Le ciel chargé de nuages et la fraîcheur humide qui s’installe annoncent bien plus que la saison des pluies dans les rues de Bobo-Dioulasso. Elles signalent l’arrivée d’un mets saisonnier profondément ancré dans les habitudes alimentaires et culturelles locales : le chitoumou, nom donné aux chenilles du karité, prisées pour leur richesse nutritive et leur goût unique.

Chaque année, au cœur des quartiers périphériques et des zones rurales environnantes, les populations s’activent dès l’aube pour récolter ces petites larves dodues. Perchées sur les feuilles des arbres de karité, elles sont délicatement ramassées à la main, dans un rituel bien connu des femmes et enfants qui en font une activité génératrice de revenus, mais aussi un geste de transmission culturelle.

Une filière artisanale bien rôdée
Après la récolte vient l’étape de la transformation. Lavé soigneusement, le chitoumou est ébouillanté, puis séché au soleil ou fumé pour une conservation plus longue. Il se vend frais ou transformé sur les marchés de Bobo-Dioulasso, où son prix varie selon l’abondance de la saison. En cuisine, il se décline sous diverses formes : frit pour un côté croustillant, mijoté dans des sauces traditionnelles comme le soumbala ou la pâte d’arachide, ou encore réduit en poudre pour accompagner les bouillies et enrichir les repas.

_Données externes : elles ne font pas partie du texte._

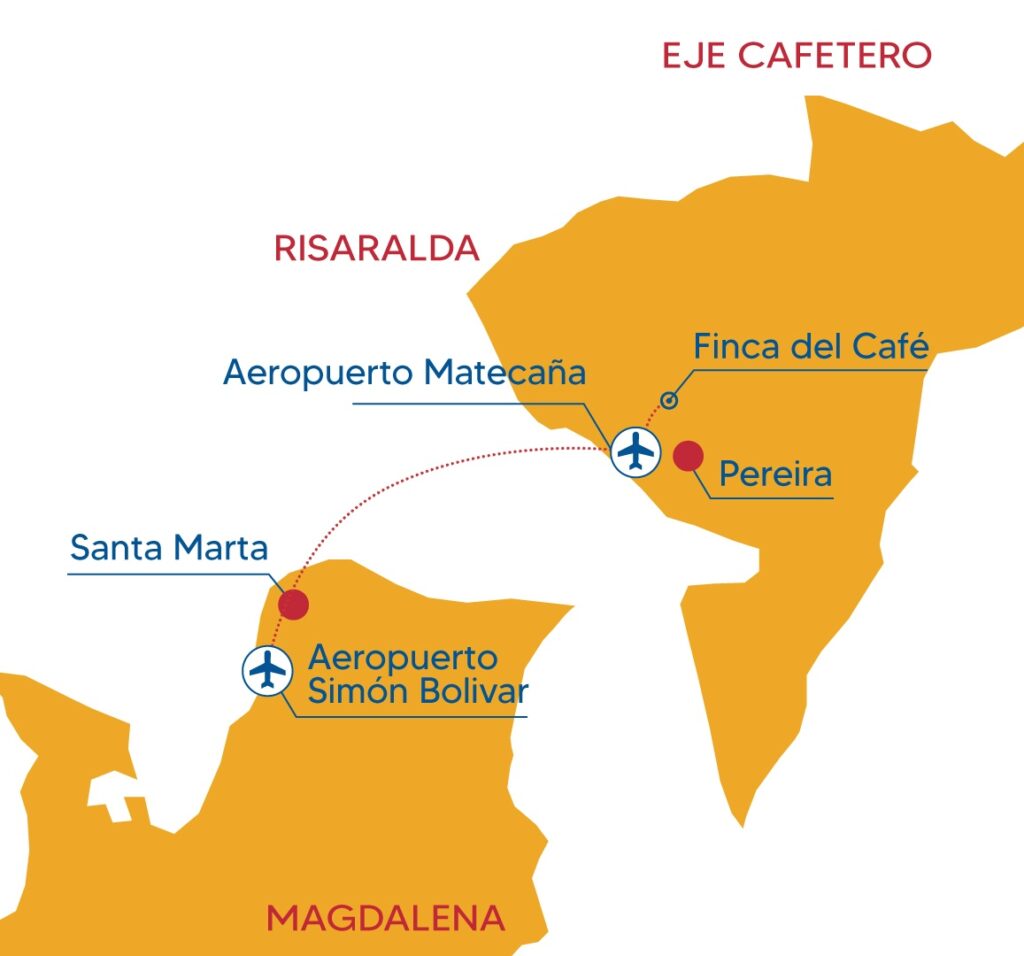 – A la hora acordada, salida hacia el aeropuerto de Santa Marta para tomar el vuelo con destino Pereira en el Eje Cafetero.

Une richesse nutritionnelle insoupçonnée
Derrière ce mets rustique se cache un véritable trésor nutritionnel. Le chitoumou est naturellement riche en protéines, fer, vitamines B, calcium et oméga-3. Il constitue une source essentielle de nutriments pour les populations, notamment celles à faible pouvoir d’achat. En milieu scolaire ou dans les programmes de nutrition, sa consommation est souvent recommandée pour lutter contre la malnutrition. Lire aussi ici : https://www.infosculturedufaso.net/art-culinaire-le-chitoumou-ou-la-chenille-de-karite/

Un symbole de mémoire et d’identité
Mais au-delà de ses bienfaits nutritionnels, le chitoumou est aussi porteur de sens. Il évoque les souvenirs d’enfance, les repas communautaires, les valeurs de résilience et de transmission intergénérationnelle. C’est un aliment identitaire, qui relie les communautés à leur environnement naturel et à leur culture. À Bobo-Dioulasso, il est perçu comme un héritage à valoriser, un savoir-faire culinaire transmis sans bruit, mais avec fierté.

Un avenir durable à préserver
Dans un contexte où la souveraineté alimentaire devient un enjeu de société, le chitoumou illustre parfaitement la richesse de ce que la nature et les traditions peuvent offrir. Il rappelle qu’il est possible de manger local, sain et durable, tout en préservant une culture culinaire authentique.

Le chitoumou, bien plus qu’un simple mets saisonnier, incarne une richesse plurielle : culinaire, économique, culturelle et écologique. Dans les familles comme sur les marchés de Bobo-Dioulasso, il témoigne d’un savoir-faire local transmis avec soin, d’un lien profond entre l’homme et son environnement, et d’une capacité remarquable à valoriser les ressources naturelles. À l’heure où le retour aux produits locaux s’impose comme une voie durable, le chitoumou se dresse fièrement comme un exemple de résilience et d’intelligence collective. Préservé, promu et intégré dans les politiques alimentaires, il peut contribuer à renforcer la sécurité nutritionnelle et à affirmer l’identité gastronomique burkinabè, à la croisée de la tradition et de la modernité.